** Task inputs follows **

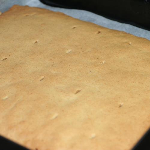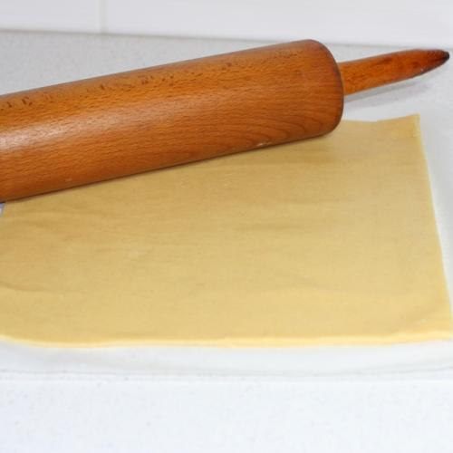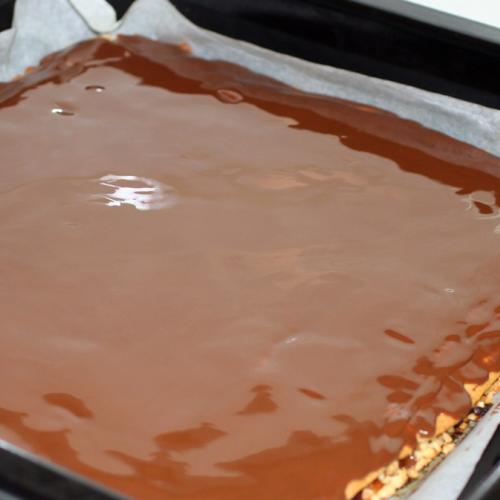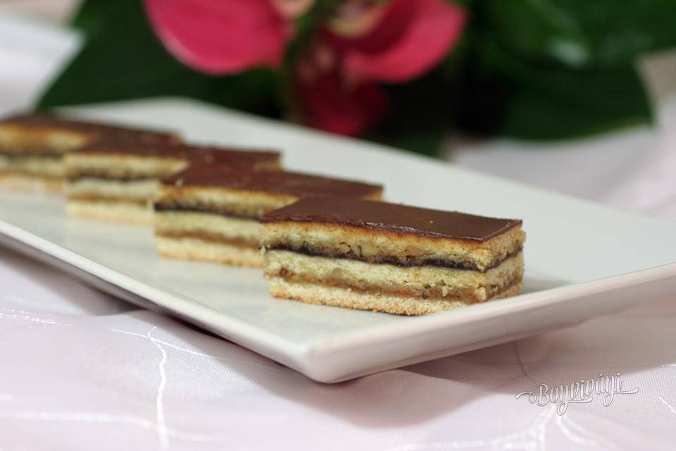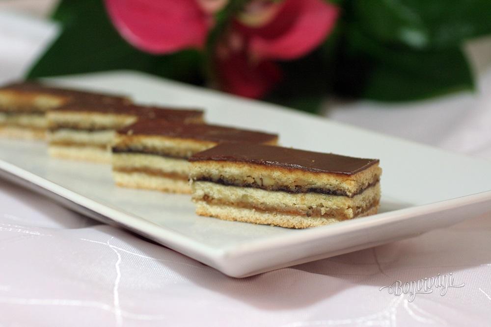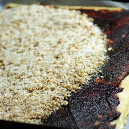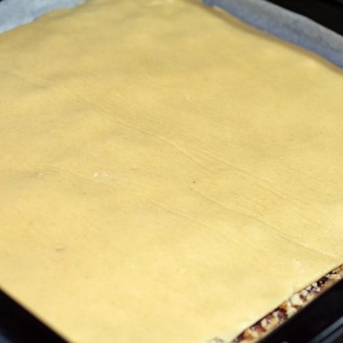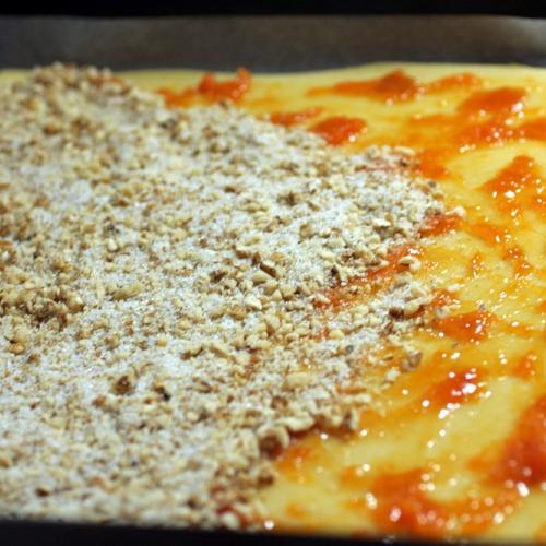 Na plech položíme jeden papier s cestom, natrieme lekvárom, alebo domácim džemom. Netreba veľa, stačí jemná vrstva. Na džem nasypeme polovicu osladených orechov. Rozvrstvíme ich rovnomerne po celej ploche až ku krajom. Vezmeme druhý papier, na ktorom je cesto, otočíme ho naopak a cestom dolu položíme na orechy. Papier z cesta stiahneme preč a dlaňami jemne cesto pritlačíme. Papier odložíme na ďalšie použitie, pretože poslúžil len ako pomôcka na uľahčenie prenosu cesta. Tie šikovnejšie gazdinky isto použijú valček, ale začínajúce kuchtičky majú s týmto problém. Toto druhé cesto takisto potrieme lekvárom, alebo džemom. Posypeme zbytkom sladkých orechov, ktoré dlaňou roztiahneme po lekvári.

** End of Task inputs **
** Task inputs follows **

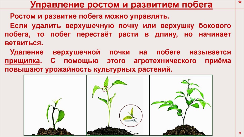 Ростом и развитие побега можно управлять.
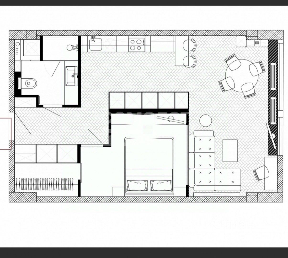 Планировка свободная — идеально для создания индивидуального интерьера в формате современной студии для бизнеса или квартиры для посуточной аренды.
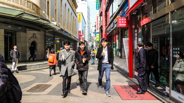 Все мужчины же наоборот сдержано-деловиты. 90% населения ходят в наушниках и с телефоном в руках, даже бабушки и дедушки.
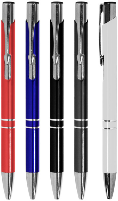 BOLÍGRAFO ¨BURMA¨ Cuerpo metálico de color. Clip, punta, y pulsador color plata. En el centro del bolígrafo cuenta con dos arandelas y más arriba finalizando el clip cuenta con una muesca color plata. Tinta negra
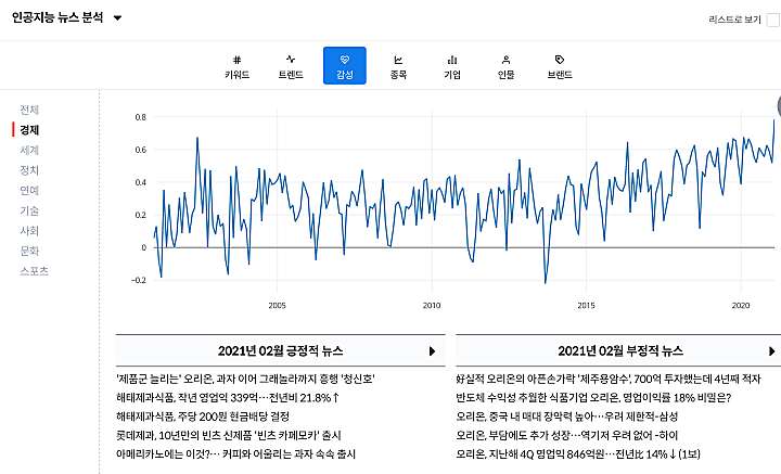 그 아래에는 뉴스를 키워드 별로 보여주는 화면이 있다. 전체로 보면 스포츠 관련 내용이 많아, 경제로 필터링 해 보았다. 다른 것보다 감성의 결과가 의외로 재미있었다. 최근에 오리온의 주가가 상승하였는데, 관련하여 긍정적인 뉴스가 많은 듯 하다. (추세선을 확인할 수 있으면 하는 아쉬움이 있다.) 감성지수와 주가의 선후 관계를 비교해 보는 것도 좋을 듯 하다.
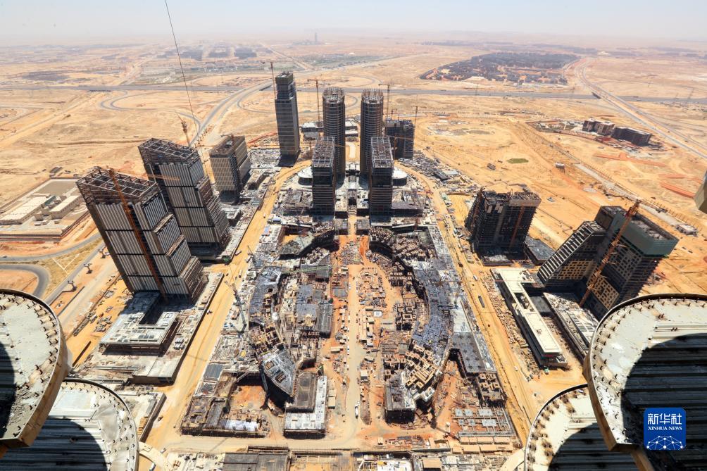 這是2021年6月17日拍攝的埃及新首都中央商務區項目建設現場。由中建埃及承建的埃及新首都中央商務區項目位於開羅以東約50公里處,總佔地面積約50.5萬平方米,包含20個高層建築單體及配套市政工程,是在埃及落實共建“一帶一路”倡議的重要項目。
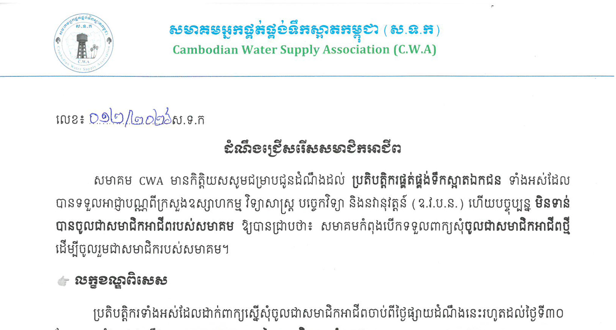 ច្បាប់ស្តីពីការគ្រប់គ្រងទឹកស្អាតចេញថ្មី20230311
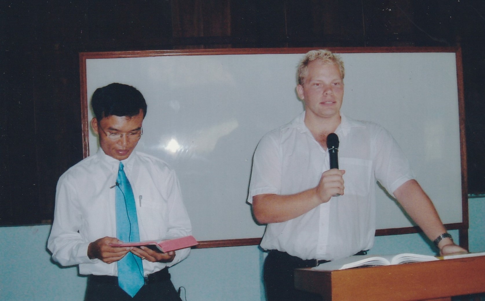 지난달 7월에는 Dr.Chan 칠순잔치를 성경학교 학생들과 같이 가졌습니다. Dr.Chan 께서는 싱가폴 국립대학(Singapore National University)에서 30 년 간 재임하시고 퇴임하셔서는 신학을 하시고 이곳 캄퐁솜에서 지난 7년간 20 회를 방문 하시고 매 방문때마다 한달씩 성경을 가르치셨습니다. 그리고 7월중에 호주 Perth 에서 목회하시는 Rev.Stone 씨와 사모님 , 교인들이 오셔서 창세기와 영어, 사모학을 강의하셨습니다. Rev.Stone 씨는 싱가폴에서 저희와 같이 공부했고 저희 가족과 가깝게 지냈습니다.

** End of Task inputs **

Task instructions:
Using the data above, set down each line from the line with "這是2021年6月17日拍攝" to the line with "지난달 7월에는 Dr.Chan" exactly, both ends included, and leave the pictures behind. Nothing else belongs.

Answer space:
 這是2021年6月17日拍攝的埃及新首都中央商務區項目建設現場。由中建埃及承建的埃及新首都中央商務區項目位於開羅以東約50公里處,總佔地面積約50.5萬平方米,包含20個高層建築單體及配套市政工程,是在埃及落實共建“一帶一路”倡議的重要項目。
 ច្បាប់ស្តីពីការគ្រប់គ្រងទឹកស្អាតចេញថ្មី20230311
 지난달 7월에는 Dr.Chan 칠순잔치를 성경학교 학생들과 같이 가졌습니다. Dr.Chan 께서는 싱가폴 국립대학(Singapore National University)에서 30 년 간 재임하시고 퇴임하셔서는 신학을 하시고 이곳 캄퐁솜에서 지난 7년간 20 회를 방문 하시고 매 방문때마다 한달씩 성경을 가르치셨습니다. 그리고 7월중에 호주 Perth 에서 목회하시는 Rev.Stone 씨와 사모님 , 교인들이 오셔서 창세기와 영어, 사모학을 강의하셨습니다. Rev.Stone 씨는 싱가폴에서 저희와 같이 공부했고 저희 가족과 가깝게 지냈습니다.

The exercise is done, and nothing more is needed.